# Swim lessons– yay or nay



## 1yogamama1 (May 8, 2018)

My son is only 15 months old. We're currently taking swim lessons at the YMCA. It's geared around pool safety & awareness for both child & parent, plus it's fun (as long as your LO isn't scared of splashing & the pool). 

We're 3 classes in & we practiced a single submerging of my son this passed Saturday. He thought it was cool No big deal, but... today at class he cryed & was so upset...
at this age is it REALLY needed to submerge? I understand children cry & it's my job to protect him. I'm also to teach him that yes it can be scary, but you're okay & mommy is with you... still though... Is it necessary?

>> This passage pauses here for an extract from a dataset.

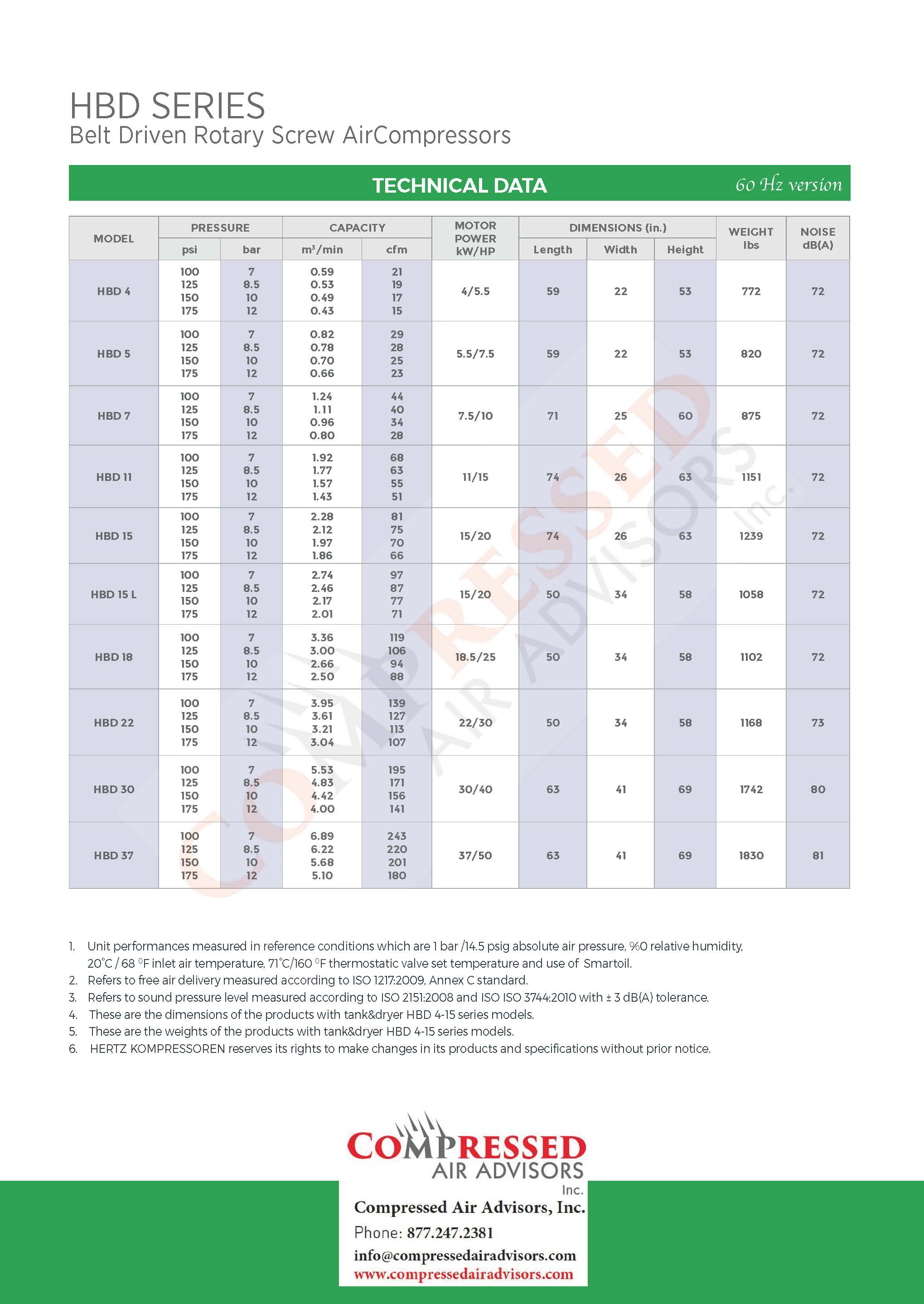 Hertz Kompressoren HBD 11 - 15hp Rotary Screw Air Compressor, Base Mount 63 CFM @ 125 PSI, 10 Year Warranty Available

Your opinions? I know swim lessons are very important, but at this age is going under water at all helpful? Thanks!

Sent from my Nexus 5X using Tapatalk


----------



## katelove (Apr 28, 2009)

I personally don’t think so. I prefer to take a child-led approach. Give them plenty of opportunities to play in and around water. Let them see you enjoying water and let them go at their own pace. 

Water play doesn’t have to be just swimming. The bath, shower, backyard hose, water table etc can all help with familiarisation. 

There is also some research to show that early swimming lessons don’t result in competence earlier than delaying them as well so I would say you could stop the lessons and just take him swimming yourself if the lessons weren’t meeting his needs. 

My girls are now nearly 8 and 5.5yo and they both learned to swim without lessons. 


Sent from my iPhone using Tapatalk


----------



## mumto1 (Feb 17, 2016)

If it's making him upset I wouldn't push too hard, try to keep it fun. I put my son through lessons, he's not great at listening to what his parents tell him but might listen to others. Swimming ability and lifesaving skills were critical for us as we used to go camping/up North a lot (sometimes involving portaging) and there are a lot pools/lakes etc around here. You hear of kids drowning every summer/whenever the ice fully melts on creeks etc. here because they had no swimming skills to fall back on.


----------